All three of these books have a lot to say about the state of modern society as well as about the organisation of work. They differ in some obvious ways: Sennett and Putnam – both academics – are profoundly critical of modern life while Welch offers an unapologetic, autobiographical celebration of the way we live now. There are, however, some rather surprising similarities. Sennett and Welch rely heavily on personal observation and anecdote, while Putnam bombards the reader with a staggering range of data. All have illuminating things to say about work, business and social relationships.


Four concerns about modern capitalism


The many critics of modern society have been especially concerned with four features of modern life that, in their opinion, restrict or prevent the full expression of humanity. Each of these derives in some way from classic social theory and finds modern expression in the books reviewed here.


The first concerns the negative consequences of the triumph of individualism. Apart from residual stalwarts of the ancient regime, few deny that modern life has increased the scope for human choice. But many, in the spirit of Durkheim’s Division of Labour, have cautioned against the rise of excessive individualism. Several dysfunctional symptoms follow from this. Modern life is seen as characterised by a lack of moral regulation in which work loses its meaning as an ever more extensive division of labour fragments and separates. Durkheim calls this the “anomic division of labour”. Further, modern life is described from this perspective as not just allowing for expression of self but as being simply selfish, with little or no concern for others or for society. In the psychological context this symptom has led to modern culture being described as “narcissistic”. As we shall see, both Sennett and Putnam draw on this tradition in their books.
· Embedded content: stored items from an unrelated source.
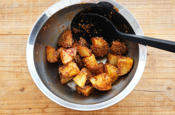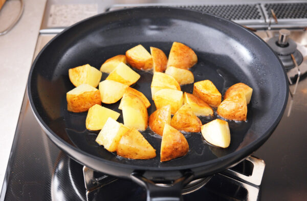 じゃがいもを炒める前に電子レンジで加熱しておくことで、調理時間を短縮できます。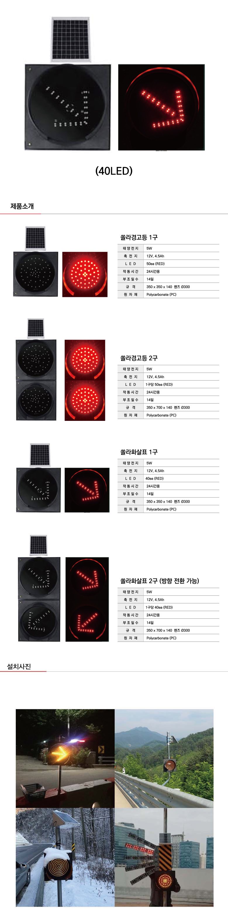 [H-24 쏠라교통표시등 경고등] 쏠라화살표1구(적색)
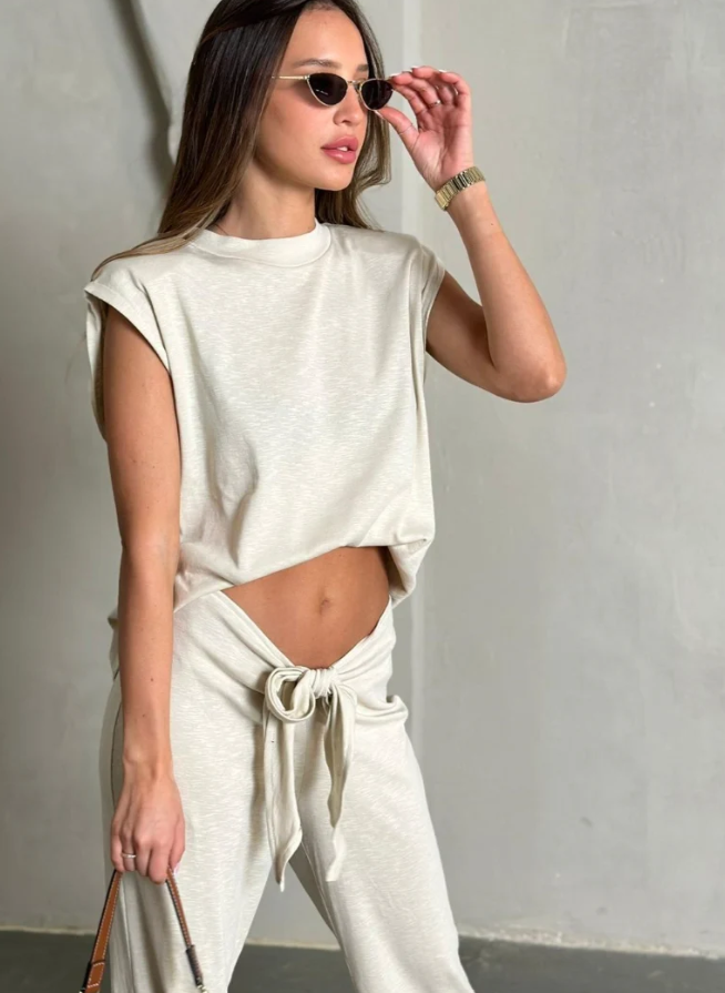 סט של מכנס לוז עם קשירה במותן בשילוב חולצה ללא שרוולים בד דקיק ונעים וגזרה היסטרית

The second negative feature of modern life concerns the demeaned nature of work in modern society. Work becomes a means to the satisfaction of other ends – paying the mortgage, buying designer-label goods – rather than having intrinsic meaning. This critique, deriving from Marx’s analysis of a specifically capitalist form of the division of labour, describes individuals in modern societies as being profoundly alienated from their true human selves. They find themselves struggling to act as humans in their leisure time, while at work they act only in their selfish animal natures. In management writing, this state is celebrated in F.W Taylor’s 1911 establishment of scientific management and condemned by H. Braverman’s Labour and Monopoly Capital and those that followed him. For the former, the worker is paid not to think; for the latter, the separation of the labour of conception and execution represents the most extreme expression of alienation. Both Sennett and Welch – no Marxist! – write with these concerns in mind.